Quakie’s abandonment of her late-hatching ducklings gave us a new problem and a responsibility we hadn’t counted on.

As the hours passed, the chances of her accepting the newer ducklings into her brood diminished. Assuming we could even locate her – the creek is long and there are many hiding places for ducks all along its shores. Most of these areas are private lands, out of bounds to humans (but not ducks).
Adding to the delay were one or two eggs that did not hatch till late morning, further delaying the trip to the creek that I had intended to make first thing in the morning. By the time the last duckling was dried and fluffy it was already afternoon. Packing the lot in a small cardboard box, I made my way across a field of very tall grass to a section of the creek we hoped to find Quakie at.

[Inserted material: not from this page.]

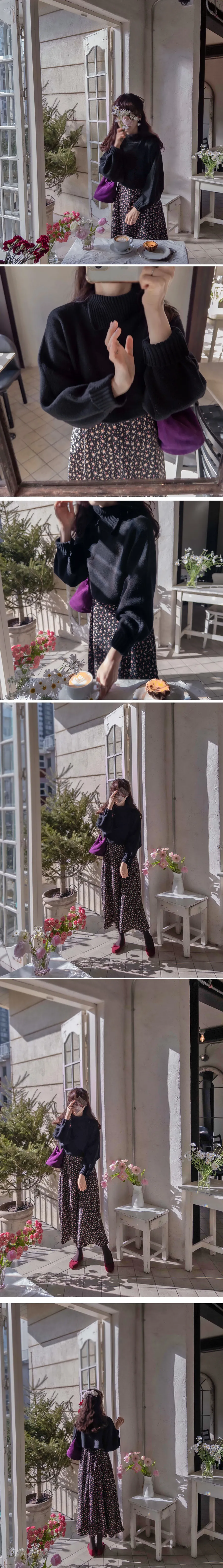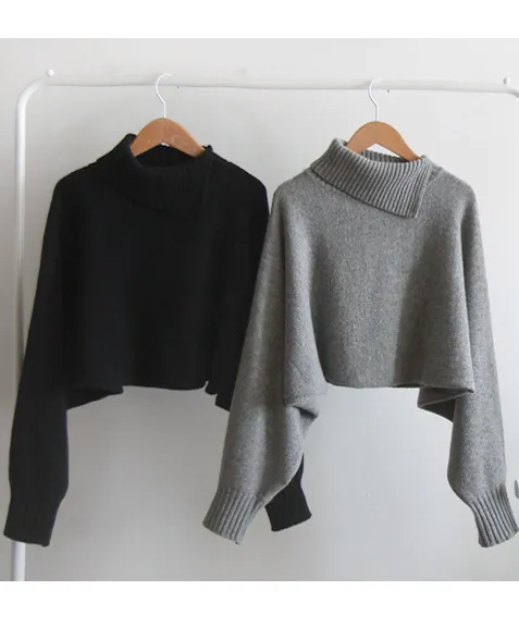 魅力高領開衩設計短款針織上衣

Newly hatched ducklings are not always able to leave the nest right away. As you can see in these pictures, they all look very sleepy and show no interest in the world outside their makeshift nest of straw, and a fuzzy towel (which they slept under when not having their pictures taken!)

The next few pictures show the creek in both directions. It is bordered on the near side with a rough fence of tree stumps and barbed wire. This is to keep the cows and horses from venturing beyond the perimeter of their respective fields.

The other side of the creek is not fenced – these are the back yards of homes on the other side of the creek. Lots of small shrubs and water plants border the creek there.  Wild mallard ducks like to congregate in open areas near the water in this area, since few humans are seen there. In our part of the country, ducks are frequently hunted during the hunting season and the mallards have a deep distrust of humans.

Aside from the ducks we raised (and their mates), no other self-respecting wild mallard would come within a hundred metres of any human.

Trying to locate Quakie to give her the rest of her brood, I spent an hour at the creek hoping to see her but we encounter only one lone hen, who had her own ducklings with her. Thinking she might be Quakie I called to her. She panicked at the sight of me and the peeping baby duck I had placed near the edge of the water (but not too close). Quacking loudly, she flapped her wings and splashed up and down the creek directly in front of where we were, perhaps calling to the duckling, or trying to determine if it was one of hers, but at the same time terrified of me.  I saw immediately that she was not Quakie – her facial features were different, although it was mainly her behaviour that told me she wasn’t one of ours.

A number of mallard drakes resting on a field nearby took off when I appeared, giving loud alarm calls. Within minutes the area was completely empty of ducks. 😦

Quakie’s ducklings were tired out from just being hatched hours before and dozed off in the cardboard carton, oblivious to the events around them.

After an hour I decided it was time to head home – Quakie may have heard the warning calls of the drakes and avoided the area I was in, which made it pointless to wait any more.

The ducklings were put back in the brooder where it was warm, however the ducklings (or at least 2 of them)  immediately started screaming their little heads off, insecure at not being able to see me.  I eventually brought them outdoors in their little cardboard box and allowed them to run around in the grass and play in the pond a little before taking them back indoors.  The exertions of the day had its effect on all the little ones and soon they were all sleeping cuddled up together under the heating plate.

I and H. went on a walk around the neighbourhood talking to various neighbours, hoping to find someone who would be willing to take them in, since we would not have the space or time to care for them in the following weeks. Unfortunately we had no luck. Searching online, I found the contact for a wildlife rescue centre specialising in waterfowl about an hour and a half’s drive away. We called and were asked to bring the babies the next day, and if no volunteers were around in the morning, to come in the evening.

This was both good and bad news – good news that we could find someone who would take them and had the facilities to raise the ducklings till they could be returned to the wild; but bad news that we had to wait another 24 hours. Ducklings grow so fast that by the time they were 2 days old, it would be hard to confine them in a makeshift brooder because all their senses would tell them to escape so they could go to water to feed. I would have to babysit them continuously for the whole of the next day.